Fellini’s will continue to have its signature piano music, plus live music late on Thursdays, Fridays and Saturdays. Dunkle also plans to host First Fridays art openings, likely starting in October.

Dunkle, who also owns Tin Whistle Irish Pub, has plans to open her third restaurant on Market Street—The Salad Maker—this fall. It’ll be a grab-n-go place with a few tables, open six days a week for lunch and early dinner, so stay tuned for more on that.

But, for now, Dunkle promises that even though she’ll be zipping up and down Market Street, running Fellini’s and Tin Whistle while opening The Salad Maker, Fellini’s is “in good hands.

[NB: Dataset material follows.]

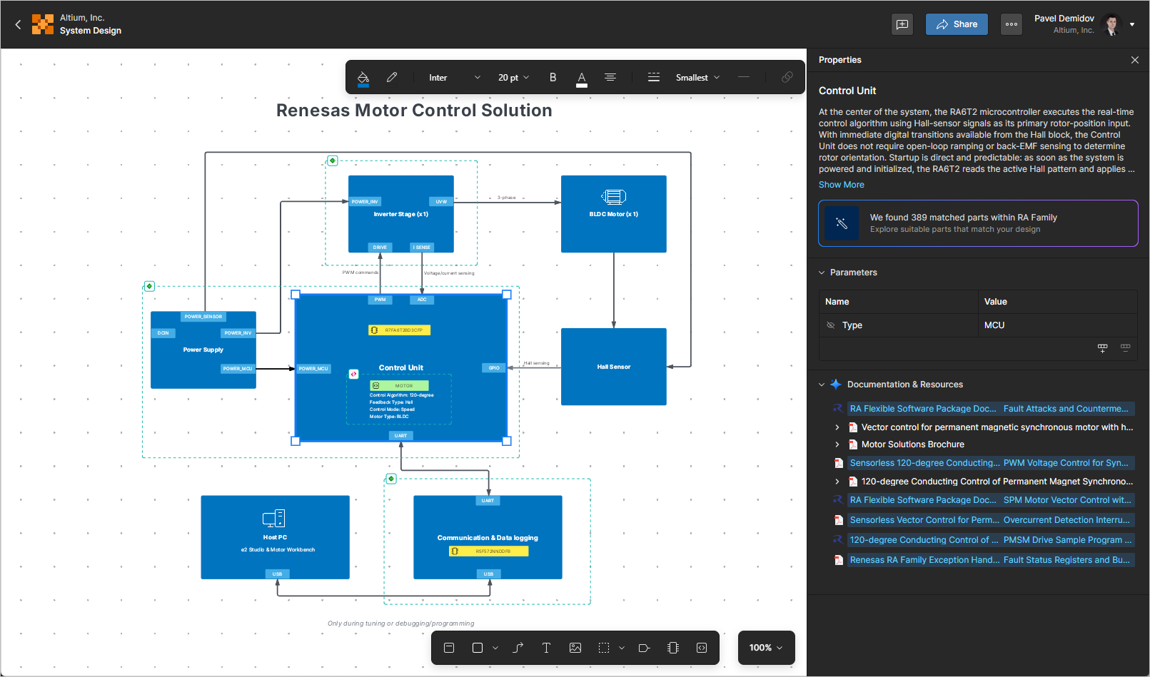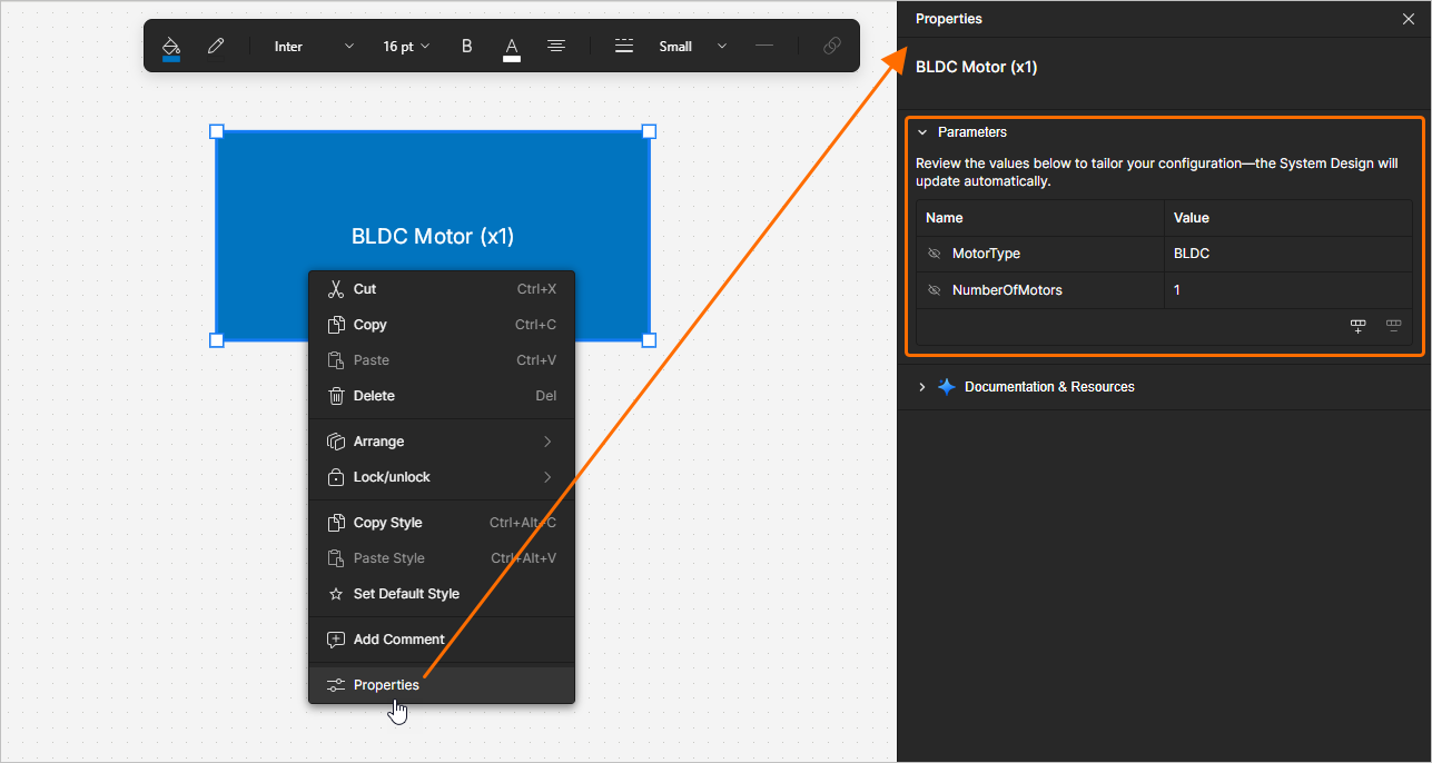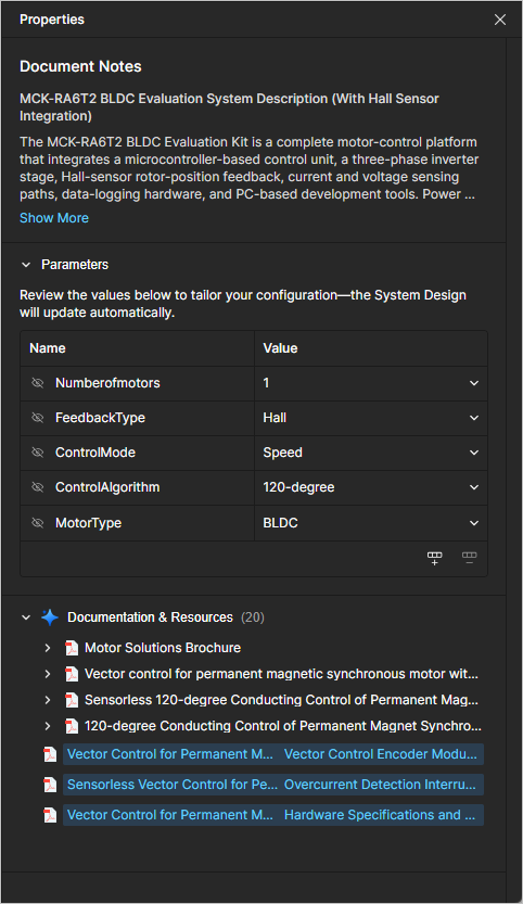 The Documentation & Resources region of the Properties pane provides an automatically formed list of links to resources (Renesas documentation, PDFs) related to the solution and its elements.
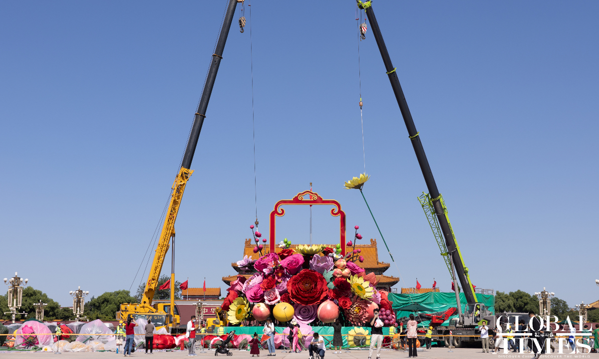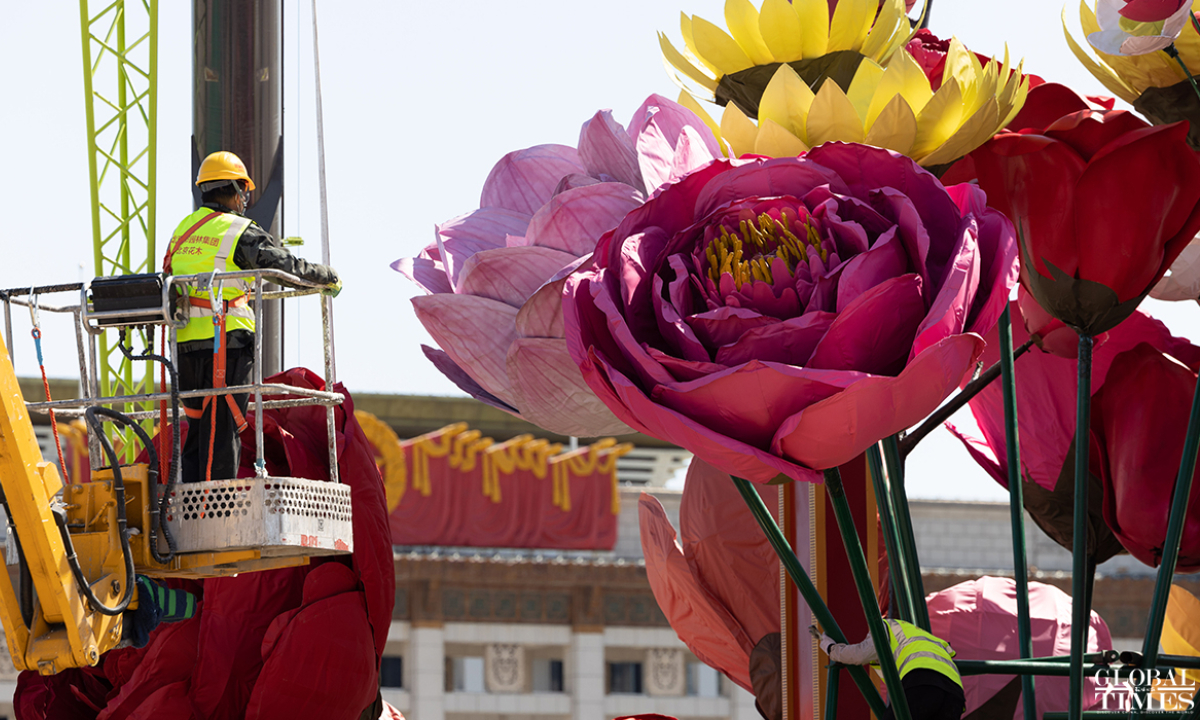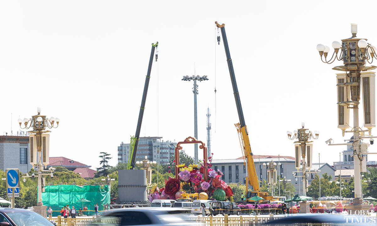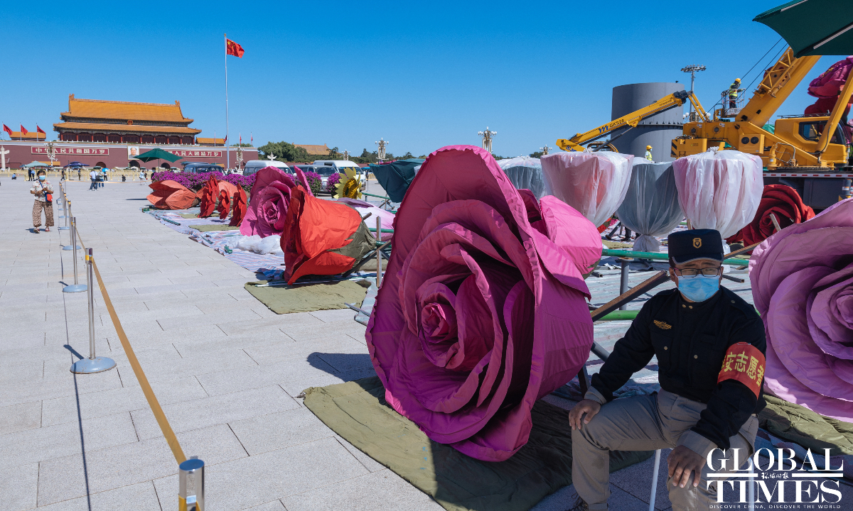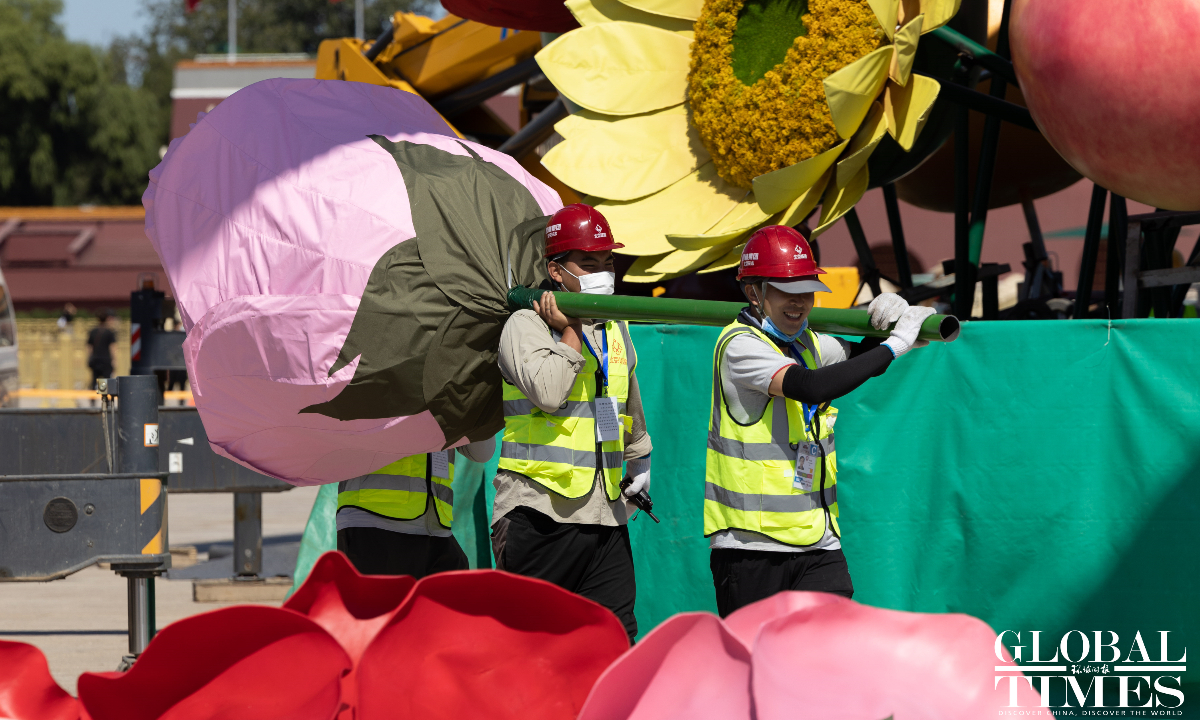 On Wednesday, workers are seen busily preparing decorative flowers in Tiananmen Square in Beijing in preparation for celebrations for the upcoming National Day on October 1. (Photos: Li Hao/GT)

It’ll be fine.”

Tasty Tidbits

Goes together like beer and cookies…Taste for yourself at Jack Brown’s Beer & Burger Joint on Thursday, September 8. After 6pm, buy a flight of Allagash brews and get four small bite-sized cookies to pair with each beer. Revamped happy hour…Red Pump Kitchen is changing up its happy hour specials at the bar and alfresco café from 5-7pm Wednesday through Sunday. Look for beer, select wine and cocktail specials ($4-8) and small plates such as blistered shishito peppers with spicy aioli, antipasto and flatbread, for $7 or less. Trading places…Chef John Shanesy, most recently of Parallel 38, has taken over the kitchen at Petit Pois. Extra shot… This fall, Grit Café will open a fourth location at The Shops at Stonefield, in the former Press Coffee space. Mucho Mexican…Like free guac? You’re in luck. Last week, Qdoba Mexican Eats, which serves free guacamole with its entrées, opened on Lenox Avenue, near Costco and behind The Shops at Stonefield. The fast-casual chain also features loaded tortilla soup, queso nachos, burritos, burrito bowls and more.